I think I’m in love with the idea of being in love. I’ve always been a one-man woman. I first realised this when I was 12 and had to make a choice between Pete Duel and Ben Murphy, the stars of that all-time-great TV show, Alias Smith and Jones. I just didn’t have it in me to fancy them both. It was tough. Now, some years later, I still can’t fancy two blokes at the same time. I’m trying, honestly, but it’s tough, and very limiting.I’m getting better with cities and countries, though. The more I travel, the more I realise that I simply can’t be in love with one place… I have to broaden my scope a little and allow myself some leeway. It’s possible to love different countries for different reasons and, trollop that I am, I don’t feel the slightest remorse about embarking on my Balkan affair.
I met my neighbour in the lift on Easter Saturday, as I was heading to the train station. She asked me where I was going. I said Serbia. She asked where. I said Subotica. She said, rather dismissively, ah, Szabadka…that’s still Hungary! And for many years it was and for many people it still is. Since the 2002 censuses in Romania and Serbia, Subotica has become the largest city outside Hungary in which Hungarians are the largest ethnic group, although they have only a relative majority 34.99%. But oh my, what a difference.
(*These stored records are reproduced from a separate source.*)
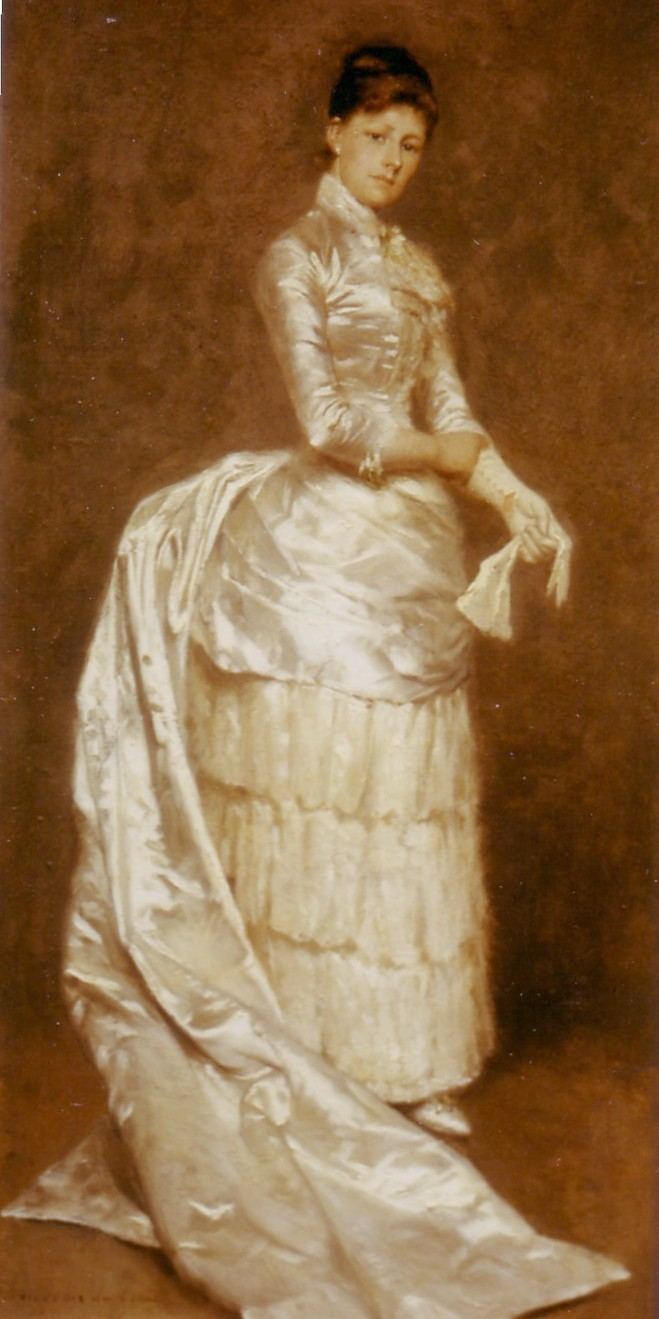 Emile Claus' wife Charlotte Dufaux, painted by the artist
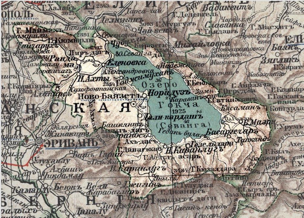 Novobayazet uyezd map
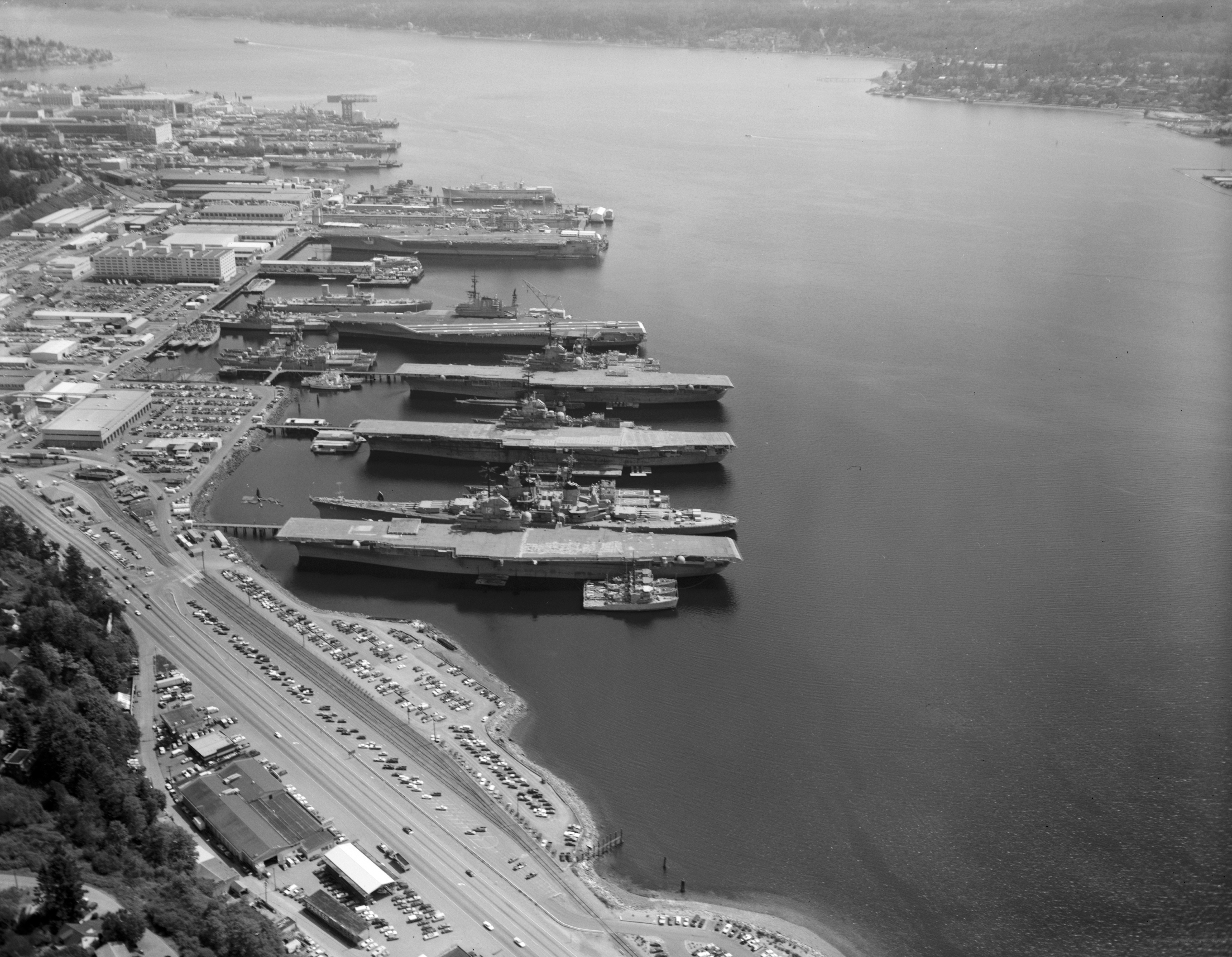 View of the Puget Sound Naval Shipyard at Bremerton, Washington (USA), in August 1992. The following ships are identifiable (front to back): Three Agile-class minesweepers, with USS Pluck (MSO-464) as the first in the row; USS Hornet (CVS-12); USS New Jersey (BB-62); USS Roark (FF-1053); USS Stein (FF-1065); USS Oriskany (CV-34) with a Knox-class frigate; two Asheville-class gunboats; USS Bennington (CVS-20) with an old WWII-submarine alongside; USS Midway (CV-41) with six Knox-class frigates. The active carriers USS Nimitz (CVN-68) and USS Carl Vinson (CVN-70) are visible in the background.
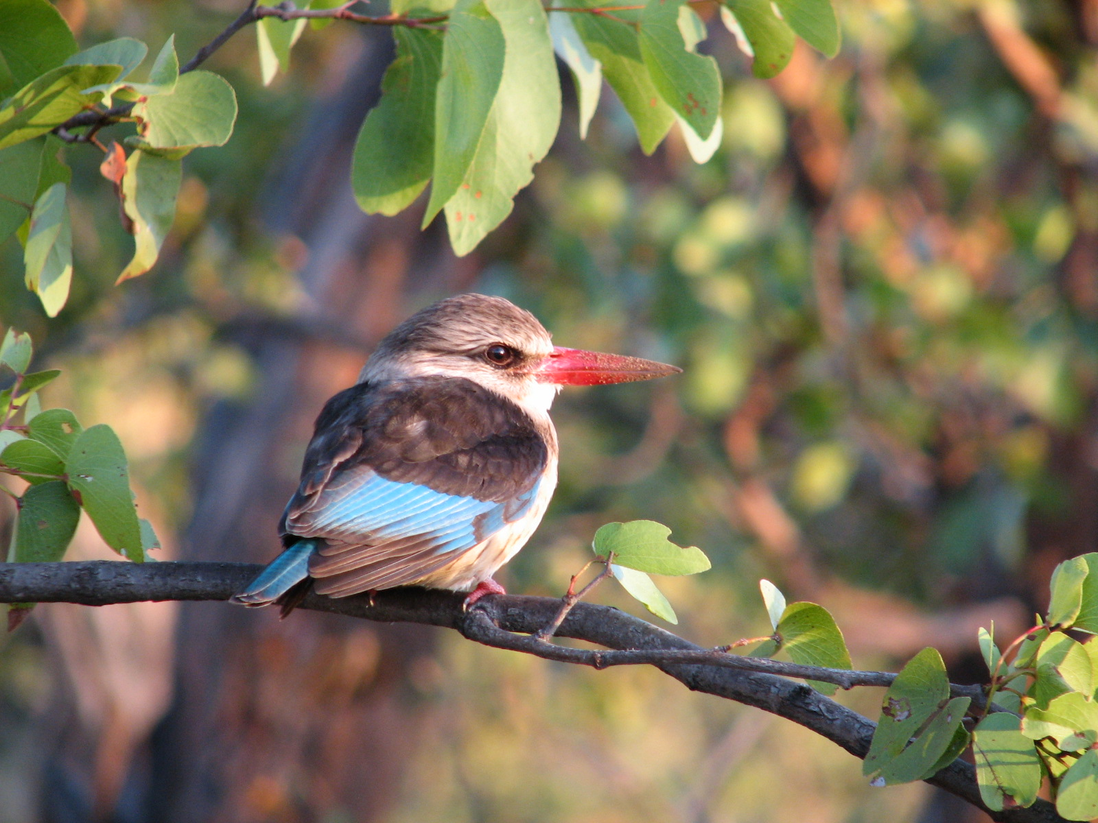 Photo taken in the Kruger National Park of a Brown-hooded KingFisher (Halcyon albiventris near Mopanie rest camp
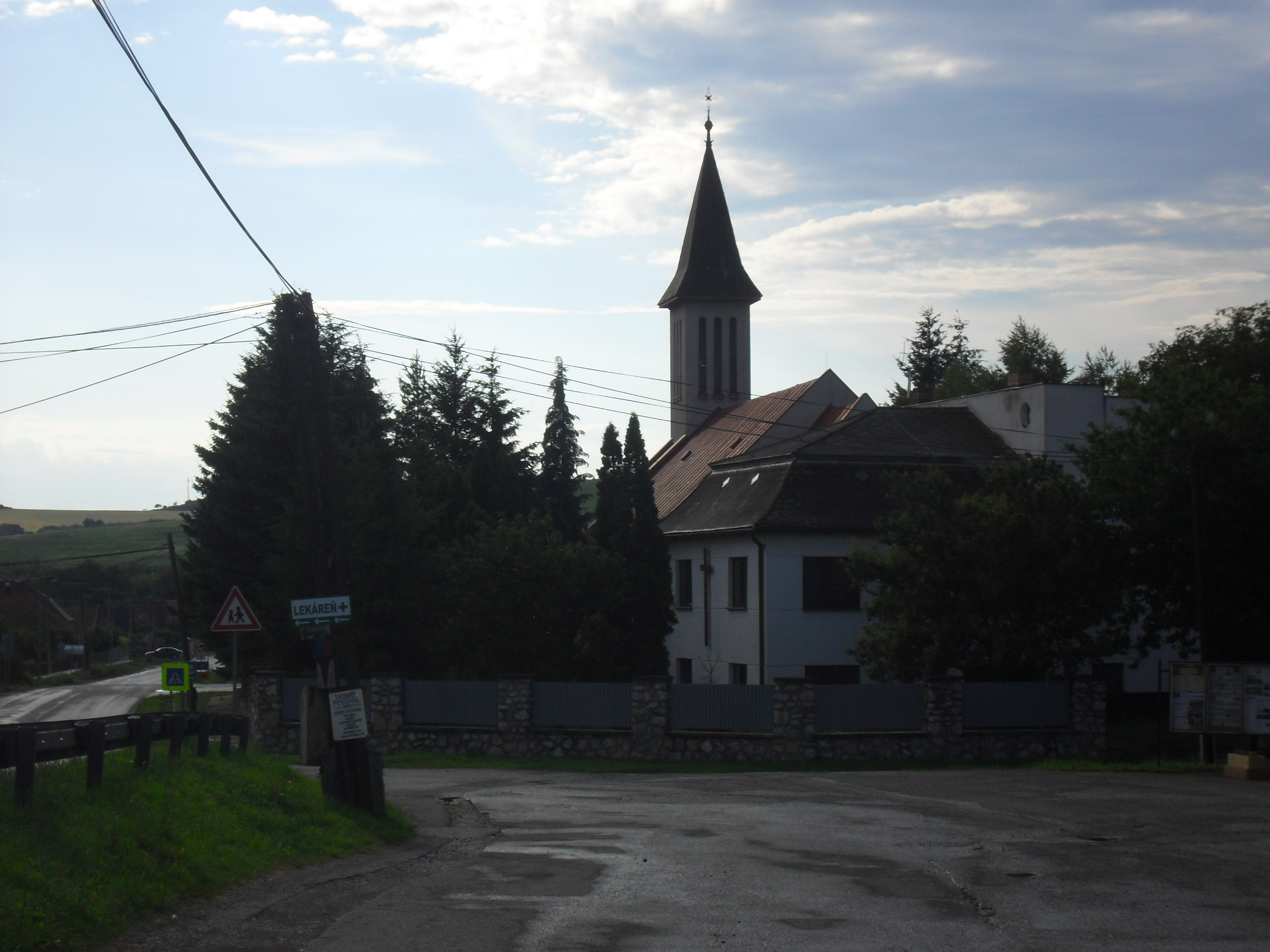 Bohdanovce - street view
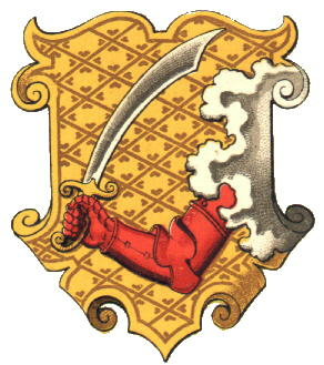 Coat of arms of the Austro-Hungarian province of Bosnia as described in a 1889 decree.
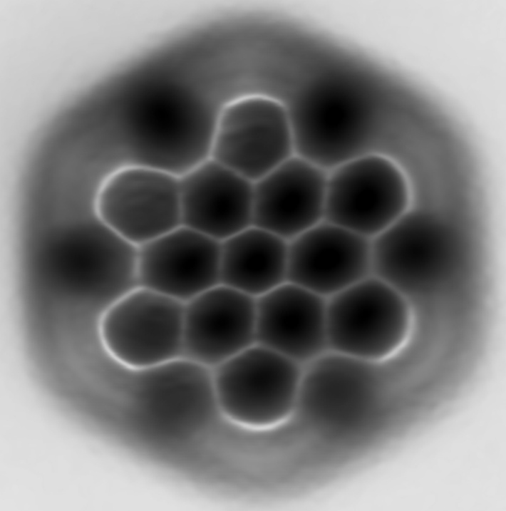 Hexabenzocoronene Atomic Force Microscope image, black and white. This molecule was synthesized at the Centre National de la Recherche Scientifique (CNRS) in Toulouse.
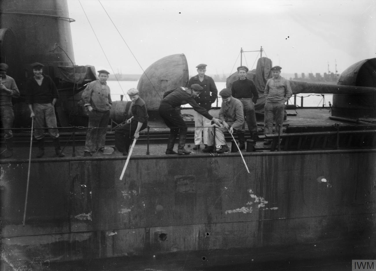 Internment at Scapa Flow 24 November 1918 - 20 June 1919: German sailors fishing from a destroyer in Scapa Flow.
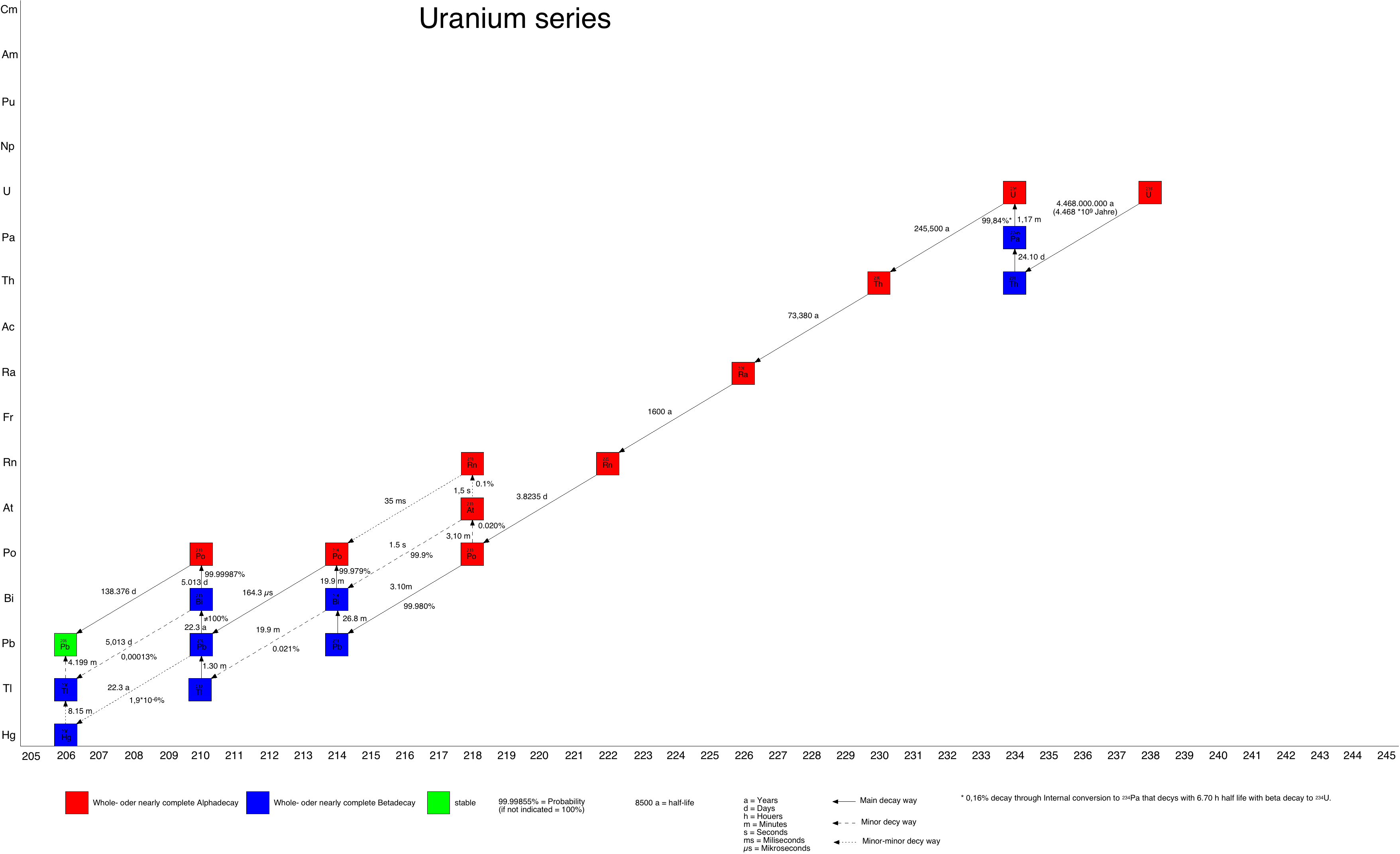 The Uranium series.
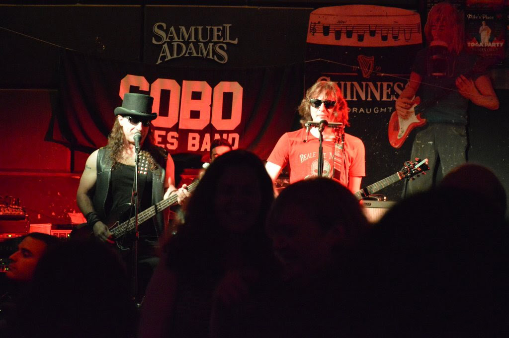 SOBO performing at Mike's Place Herzliya
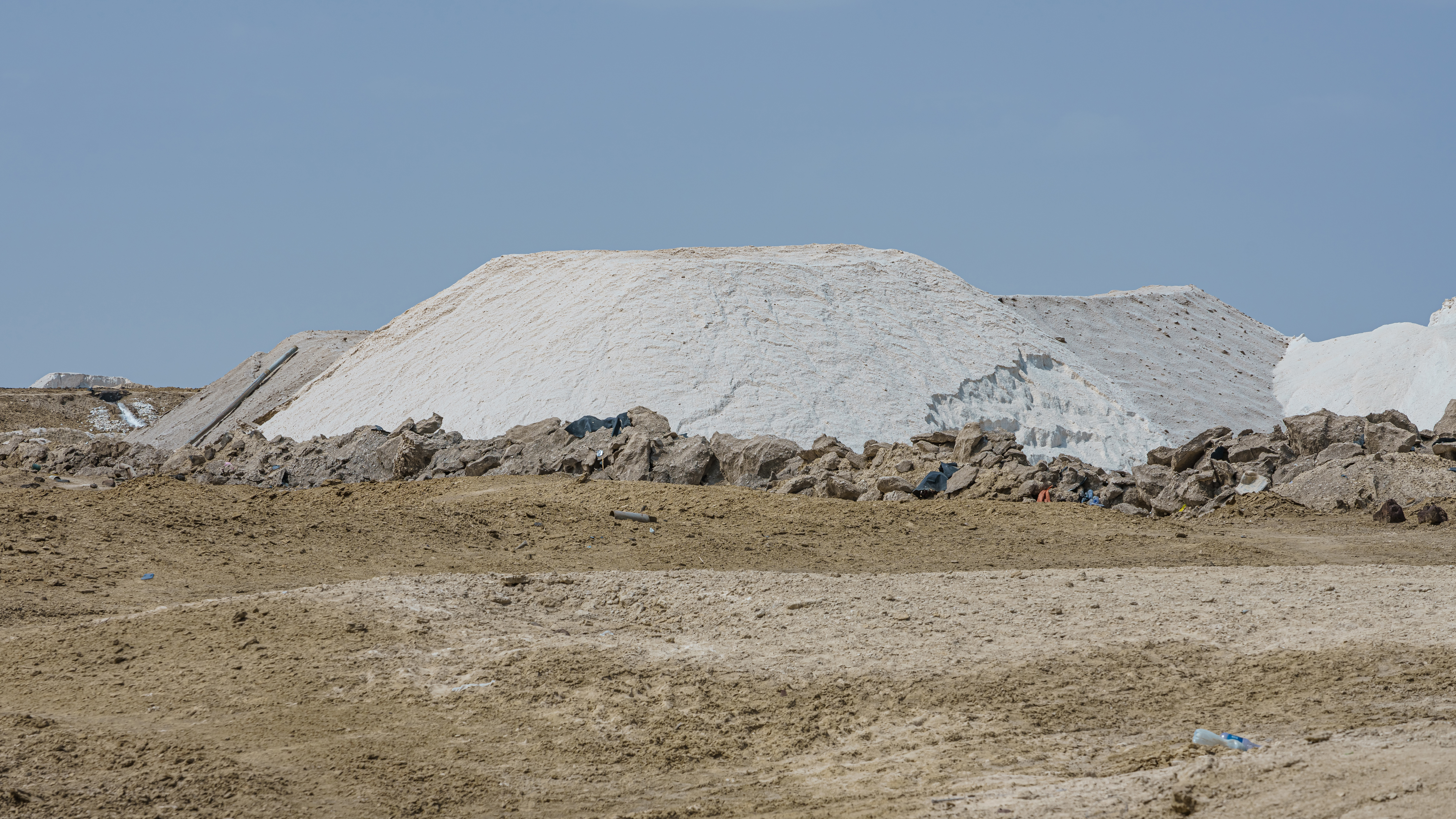 Salt production at Lake Afdera, Afar Region, Ethiopia

The Hungarian border guards come on board at Kelebia. Some twenty minutes later, there’s the Serbian border check, about 100 yards from the train station in Subotica. It takes a while…up to an hour to clear them both. And there’s no point in hurrying or getting exasperated because it’s not just about crossing a border, it’s about completely shifting your mindset. Maybe it was because it was the Easter weekend. Maybe it was because the sun was shining. Maybe it was because everyone uses ‘Ciao’ rather than ‘Szia’ but you know immediately you’re in another country and it’s nothing got to do with the language or the currency. You can feel it. It’s in the air. You’re in the Balkans.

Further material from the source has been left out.